The end of the weak.

            Along with listening and playing (all at home), reading was just about as important. In my freshman year of high school I loved the band Cream best of all. I owned a couple of singles by them, and in early fall I bought a greatest hits album (it’s the one with an unfinished painting of fruit on the cover) at Big K in Athens, which is where my mom worked at that time. Cream had been a non entity for awhile, and like so many things before and since, I was playing catch-up on my musical education. I can’t remember where I got the information, but the music press talked up a new band called Mountain. The band’s producer, second vocalist, and bass player, Felix Pappalardi, who was also Cream’s producer (and often played accompaniment on such instruments as Swiss hand bells, mellotron, and trumpet with the band, and who had produced the great Youngbloods’ song, Get Together) had begun a band with a guitarist named Leslie West (and had produced West’s album Mountain). I thought it sounded like something I might like.
            Like everyone else in the world who listened to Top 40 radio, I heard the band’s single, and only hit, Mississippi Queen. I bought a copy of that record at the Dime Store. Actually, I kind of tired of MQ, but was fascinated by the flip side, The Laird, which in some ways reminded me of the more eccentric songs of Cream (As You Said or Passing the Time, for instance). That just made me hungrier for an extended play artifact. When the album finally came to the drug store rack in Madisonville, as usual, I didn’t have the money, but hoped I was the only one who noticed it until I became rich.

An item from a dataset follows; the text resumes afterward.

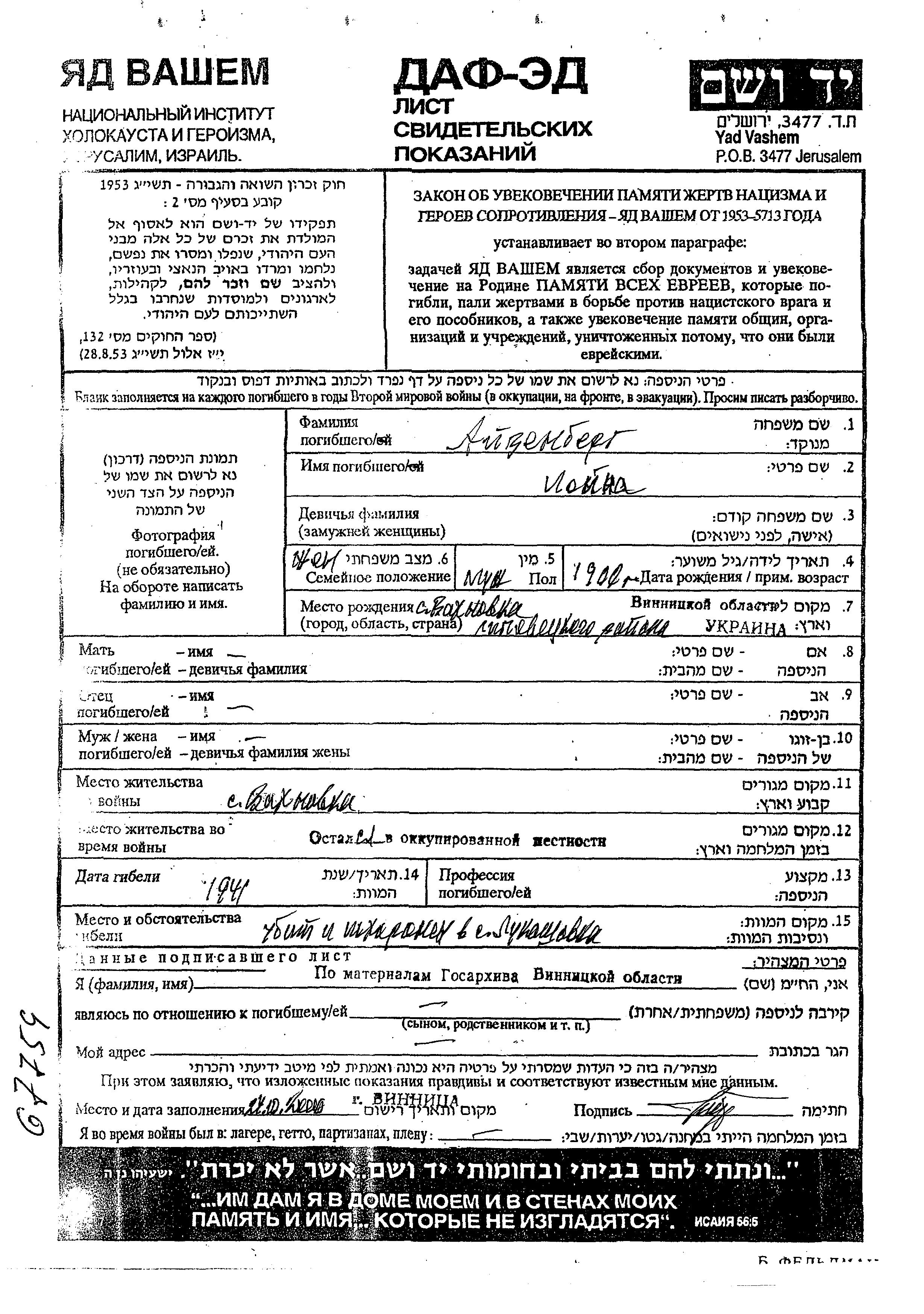 Aizenberg Loika 1909 Vakhnovka, Ukraine (USSR) Page of Testimony

            OJB, a friend who had been the vocalist for Tig’s band Aftermath, was in pretty much the same boat as me as far as relative wealth was concerned, and, like me, has his eye on Mountain’s album Climbing! I don’t remember how the money came into my hands, but when I had enough, I purchased the album and went quickly to my grandmother’s house and played it on her little monophonic GE record player. I still love that record. On the back cover was an instruction that the album was to be played loud. I managed as best as I could. At any rate, I had gotten there before OJB, who not long afterward asked me if I had beaten him to the punch. I told him with glee that I had. He called me an asshole in a good natured manner and we went our ways (though I had a smile on my face). That’s the way it was then. If you didn’t hurry you could miss out, as Tig had when OJB got to Santana before he could.

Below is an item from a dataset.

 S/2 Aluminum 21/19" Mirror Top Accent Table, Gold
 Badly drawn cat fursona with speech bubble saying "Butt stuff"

            It was all in the game, and the music press was part of that game, as were television shows (The Tonight Show, The Red Skelton Show (saw Iron Butterfly lip-syncing In-A-Gadda-Da-Vida on Red’s show), and various variety shows that featured a pop slot or were dedicated to youth music), and the radio. Many of the stories in the music press, even about music or groups, had as much to do with the alleged cultural aspects of the music and its presentation as the impact of the sound itself. Sorry, but that stuff always left me cold. I could never see how growing a beard or getting a haircut or wearing certain clothes had anything whatsoever to do with what came through the speakers or across the airwaves. To me that’s just part of the cult of personality that I find largely meaningless. I read interviews with musicians that mentioned various points of view, but I couldn’t see what any of that had to do with me or with sound. A friend of mine told me that for years he ordered and drank scotch and coke because he’d read or heard somewhere that The Beatles liked that drink. I don’t know how to approach that kind of reasoning. Another friend and mentor told me he listened to classical music (classical not of that particular period, but of that genre) because he wanted to be a cultured person and that’s what cultured people listened to. Again, that seems like the cart before the horse. I listen to music that I like and I don’t care where it’s from or who does it, and I don’t care what another thinks of me because of what I prefer. Life’s too short for any of that nonsense. If I can’t be myself, what’s the point in continuing? I’m not here to impress anybody but me. If others dig that, great. If not, ok. I’m still me no matter what.